To summarise: for skew lines $L_1$ and $L_2$ with direction vectors $\vv_1$ and $\vv_2$, we have \[ \dist(L_1,L_2)=\frac{|\vec{AB}\cdot \nn|}{\|\nn\|}\] where $\nn=\vv_1\times\vv_2$ and $A$ and $B$ are points with one in $L_1$ and the other in $L_2$.

Remark

What about the distance between lines which are not skew? This means that either they are non-parallel and they intersect (so that the distance between them will be zero), or they are parallel lines.

• The same method and formula work if $L_1$ and $L_2$ are non-parallel lines which intersect, and you get $\dist(L_1,L_2)=0$ in this case. The reason is that in this case $L_1$ and $L_2$ will lie in one plane, $\Pi$, and $\vec{AB}$ will also be in $\Pi$, and $\vec n$ will be orthogonal to $\Pi$. So $\frac{\vec{AB}\cdot \vec n}{\|\vec n\|}=\frac{0}{\|\vec n\|}=0=\dist(L_1,L_2)$.
• If $L_1$ and $L_2$ are parallel lines (i.e., if the vectors $\vec v_1$ and $\vec v_2$ along the lines are in the same direction), then $\vv_1\times \vv_2=0$ which isn't helpful, so this method won't work here.

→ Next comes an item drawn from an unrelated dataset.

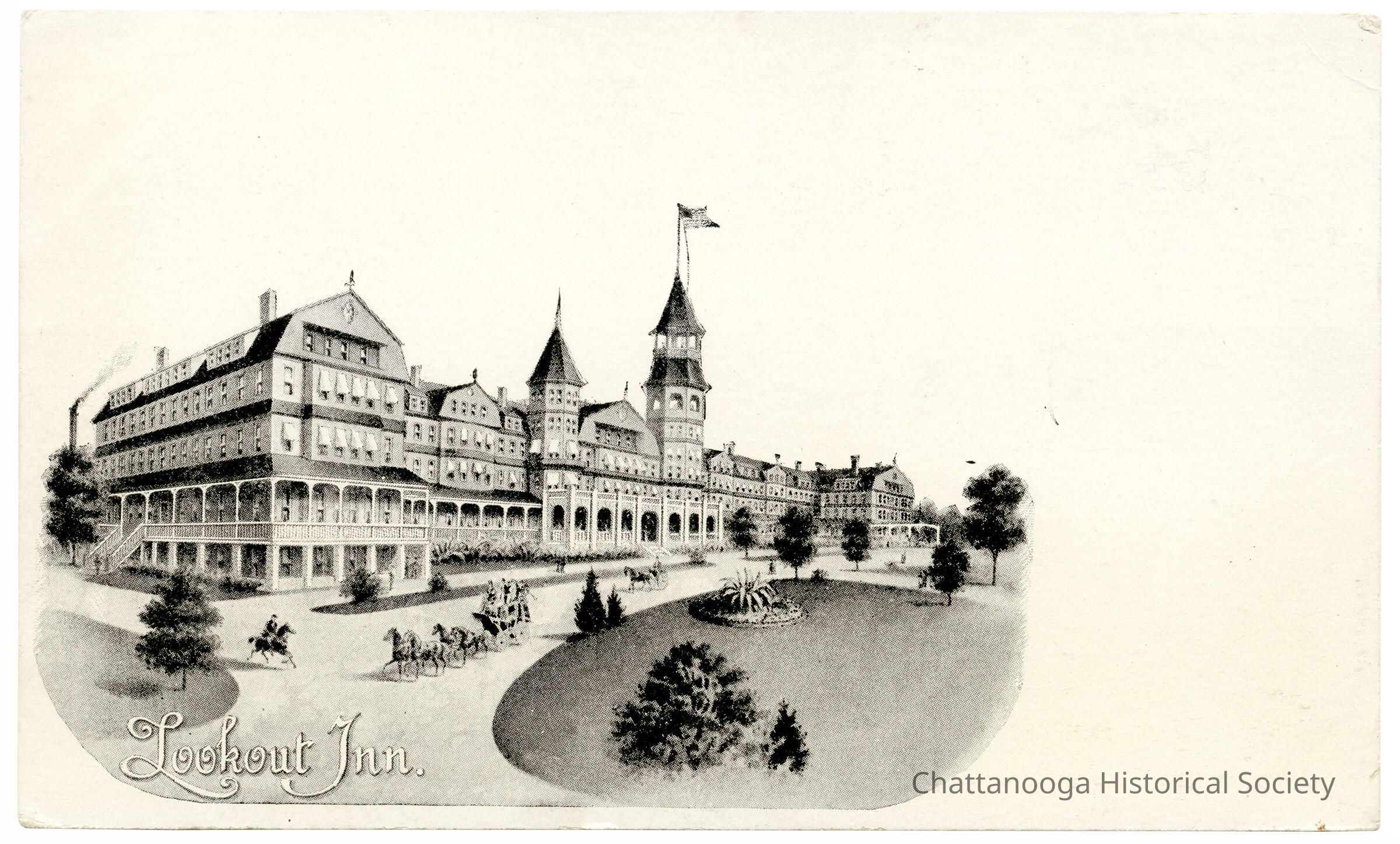 The Lookout Inn opened in 1890 and was situated just above the top station of the existing Incline No. 2 on the eastern face of Lookout Mountain, Tennessee. The steam-powered incline was built as a direct route to the hotel and a connection to the Chattanooga & Lookout Mountain Railway.

In this case, observe that $\dist(L_1,L_2)=\dist(A,L_2)$ where $A$ is any point in $L_1$ (because the lines are parallel), so you can use one of the formulae above for the distance from a point to a line.

Example

Consider the skew lines \begin{align*} x&=1+t_1\\L_1:\quad y&=2t_1\qquad (t_1\in \mathbb{R})\\z&=1+3t_1 \end{align*} and \[ L_2:\c xyz=\c 321+t_2\c1{-1}1,\quad t_2\in\mathbb{R}.\]

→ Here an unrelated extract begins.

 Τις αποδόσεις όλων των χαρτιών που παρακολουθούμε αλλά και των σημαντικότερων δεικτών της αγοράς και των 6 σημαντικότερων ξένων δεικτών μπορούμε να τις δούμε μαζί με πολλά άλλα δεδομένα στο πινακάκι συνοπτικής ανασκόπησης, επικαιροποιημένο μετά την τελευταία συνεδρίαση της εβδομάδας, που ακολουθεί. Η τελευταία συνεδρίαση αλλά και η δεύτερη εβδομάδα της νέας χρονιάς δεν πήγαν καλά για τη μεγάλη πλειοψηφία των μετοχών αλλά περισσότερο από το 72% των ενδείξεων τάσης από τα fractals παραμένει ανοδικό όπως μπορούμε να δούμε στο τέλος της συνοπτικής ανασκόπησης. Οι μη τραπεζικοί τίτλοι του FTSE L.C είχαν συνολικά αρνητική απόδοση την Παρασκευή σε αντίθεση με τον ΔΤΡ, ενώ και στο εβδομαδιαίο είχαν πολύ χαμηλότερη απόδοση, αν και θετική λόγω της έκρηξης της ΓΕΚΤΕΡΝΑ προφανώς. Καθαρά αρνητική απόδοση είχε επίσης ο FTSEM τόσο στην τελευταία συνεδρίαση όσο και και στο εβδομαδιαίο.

Note that we can rewrite the equation of $L_1$ in “vector form”, which is easier to digest: \[ L_1:\c xyz=\c 101+t_1\c123,\quad t_1\in\mathbb{R}\] The direction vectors are $\c123$ and $\c1{-1}1$, so we take $\nn$ to be their cross product: \[ \nn=\c123\times\c1{-1}1=\begin{vmatrix}\vec\imath&\vec\jmath&\vec k\\1&2&3\\1&-1&1\end{vmatrix}=\c52{-3}\] and if $A=(1,0,1)$ and $B=(3,2,1)$ then $A$ and $B$ are points with one in $L_1$ and the other in $L_2$, and $\vec{AB}=\c 220$. Hence \[\dist(L_1,L_2)=\frac{|\vec{AB}\cdot \nn|}{\|\nn\|}=\frac{2(5)+2(2)+0(-3)}{\sqrt{5^2+2^2+3^2}} = \frac{14}{\sqrt{38}}.\]

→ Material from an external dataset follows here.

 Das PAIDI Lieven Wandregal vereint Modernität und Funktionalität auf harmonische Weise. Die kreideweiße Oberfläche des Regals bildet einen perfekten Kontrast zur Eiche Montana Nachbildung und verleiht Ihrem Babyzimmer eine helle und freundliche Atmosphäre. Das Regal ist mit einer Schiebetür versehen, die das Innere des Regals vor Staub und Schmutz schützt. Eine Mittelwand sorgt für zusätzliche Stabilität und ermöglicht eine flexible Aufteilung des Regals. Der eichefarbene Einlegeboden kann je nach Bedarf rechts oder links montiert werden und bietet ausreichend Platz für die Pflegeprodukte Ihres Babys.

Distance between lines in $\mathbb{R}^3$ in general

The formula $\dist(L_1,L_2)=\frac{|\vec{AB}\cdot \nn|}{\|\nn\|}$ where $\nn=\vec v_1\times \vec v_2$ works for

• skew lines (not parallel, not intersecting), as we saw above,
• and actually: any non-parallel lines $L_1$, $L_2$. We can see this by noticing that if the lines above intersect, then $L_1$ lies in $\Pi$, so the formula gives $\dist(L_1,L_2)=\dist(B,\Pi)=0$ which is the correct answer.

What about parallel lines?

• The formula can't work because we'd have $\vec v_1=\vec v_2$ so $\vec n=\vec v_1\times \vec v_2=\vec 0$
• Instead: observe that when $L_1$ and $L_2$ are parallel, we have $\dist(L_1,L_2)=\dist(A,L_2)$ for any point $A$ in $L_1$
• So we can use one of of the point-to-line distance formulae we saw earlier.